Vielleicht hatte Christian einen schlechten Tag oder so, aber als er endlich ankam, überreichte er uns einen Stapel der kleinsten Papiertüten, die man je gesehen hatte. Ernsthaft, wir konnten kaum einen einzigen Pilz in die Tüte stecken. Also tauschten wir die Aufgaben: Christian beendete die Ernte und ich machte mich auf die Suche nach etwas Geeigneterem. Es wird dich vielleicht überraschen, aber Papiertüten zu finden, war nicht so einfach, wie es klingt. Ich muss fünf oder sechs Läden besucht haben, bevor ich endlich, als die Zeit knapp wurde, etwas Passendes fand.

Wie auch immer, in diesem Fall hatten wir Glück. Wir haben alles eingepackt und nach einigen hektischen Fahrten (dieses Mal haben wir wenigstens alles festgeschnallt) haben wir es zu unserem Lieferziel geschafft. Aber wir haben gelernt, dass es so ist, wenn man anfängt – es sind immer die kleinen Dinge, und egal, wie gut wir planen und Aufgaben verteilen, es gibt immer wieder eine neue Herausforderung gleich um die Ecke! 
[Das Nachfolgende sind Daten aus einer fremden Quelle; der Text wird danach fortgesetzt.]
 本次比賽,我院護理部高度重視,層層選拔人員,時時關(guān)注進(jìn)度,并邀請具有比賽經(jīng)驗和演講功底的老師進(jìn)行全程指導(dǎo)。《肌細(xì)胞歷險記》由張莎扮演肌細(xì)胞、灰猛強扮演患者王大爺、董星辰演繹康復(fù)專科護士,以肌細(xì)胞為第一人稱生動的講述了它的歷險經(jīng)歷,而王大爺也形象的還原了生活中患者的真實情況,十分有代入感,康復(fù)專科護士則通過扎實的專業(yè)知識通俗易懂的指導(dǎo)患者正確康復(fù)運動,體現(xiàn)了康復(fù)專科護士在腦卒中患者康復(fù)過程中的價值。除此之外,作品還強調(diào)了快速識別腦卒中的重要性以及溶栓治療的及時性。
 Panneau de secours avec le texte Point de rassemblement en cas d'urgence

3) Lass uns eine Farm bauen 

Diese Geschichte tut am meisten weh, da es sich um einen solchen Amateur-Pilzzucht-Fehler handelt. Ja, wir geben zu, dass wir anfangs keine Experten im Pilzanbau waren! Wir haben noch einen langen Weg vor uns, aber wir bei Pilzling lernen immer dazu.
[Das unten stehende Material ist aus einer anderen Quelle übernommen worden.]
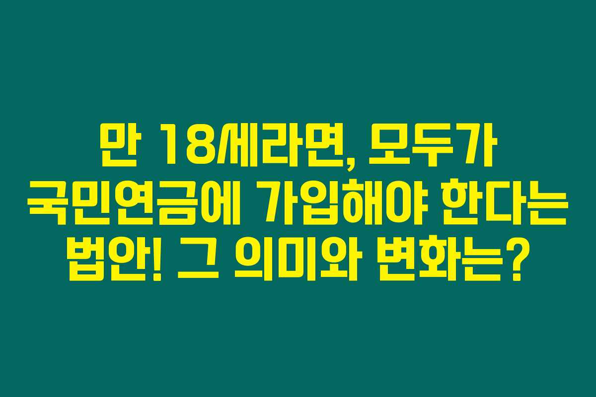 제가 직접 리서치해본 바로는, 만 18세 국민연금 자동가입 법안이 가져올 변화는 상당히 큽니다. 이 법안은 한국 청년들이 안정적인 노후를 준비하는데 큰 역할을 할 것으로 기대되지만, 그 과정에서 고민할 점도 분명히 존재합니다. 아래를 읽어보시면, 이 법안의 주요 내용과 기대 효과, 반대 의견 등을 깊이 있게 이해할 수 있을 것입니다.
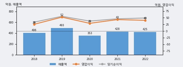 티비씨는 2022년 매출액 425억원과 영업이익 40억원을 기록했다. 전년대비 매출은 -0.8%, 영업이익은 -6.5% 각각 하락했다. 이 회사의 매출액 증감률과 영업이익 증감률은 각각 코스닥 하위 27%, 하위 44%에 해당된다.
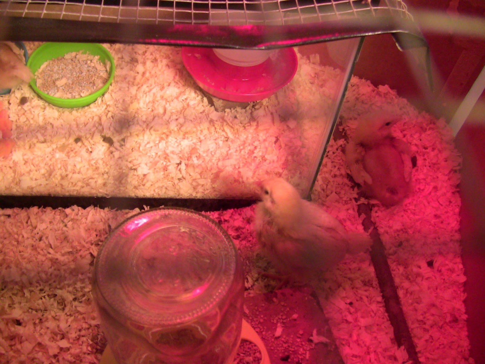 Katniss has made a fantastic recovery and is now out of the fish tank and back in the huddle with the other two chicks.  She is now using her foot again almost completely normally and we couldn't be happier for our Chick on Fire.

Dieser Fehler begann also bereits im Jahr 2020, als wir die Farm aufbauten, aber es dauerte bis zum Frühjahr, bis sich die Konsequenzen zeigten. Als wir unsere Farm planten, herrschte noch große Ungewissheit darüber, wie lange unser Mietvertrag genau dauern würde – uns wurde gesagt, dass es nur 9 Monate sein könnten, aber vielleicht auch länger. Außerdem wollten wir ursprünglich nur ein paar Ideen testen und nicht sofort eine große Pilzfabrik aufbauen. Angesichts des kurzen Zeitfensters und unseres Plans, nur zu experimentieren, wollten wir unsere Farm nicht übermäßig technisch ausbauen, und unsere Baupläne waren daher darauf ausgerichtet, die Kosten zu minimieren und das Design einfach zu halten (mehr darüber, wie wir angefangen haben, habe ich im Blogbeitrag #2 geschrieben).  Um diese Anforderungen zu erfüllen, haben wir fälschlicherweise das Herzstück unserer Farm, die „Fruchträume“, mit Regalen aus Rohholz gebaut.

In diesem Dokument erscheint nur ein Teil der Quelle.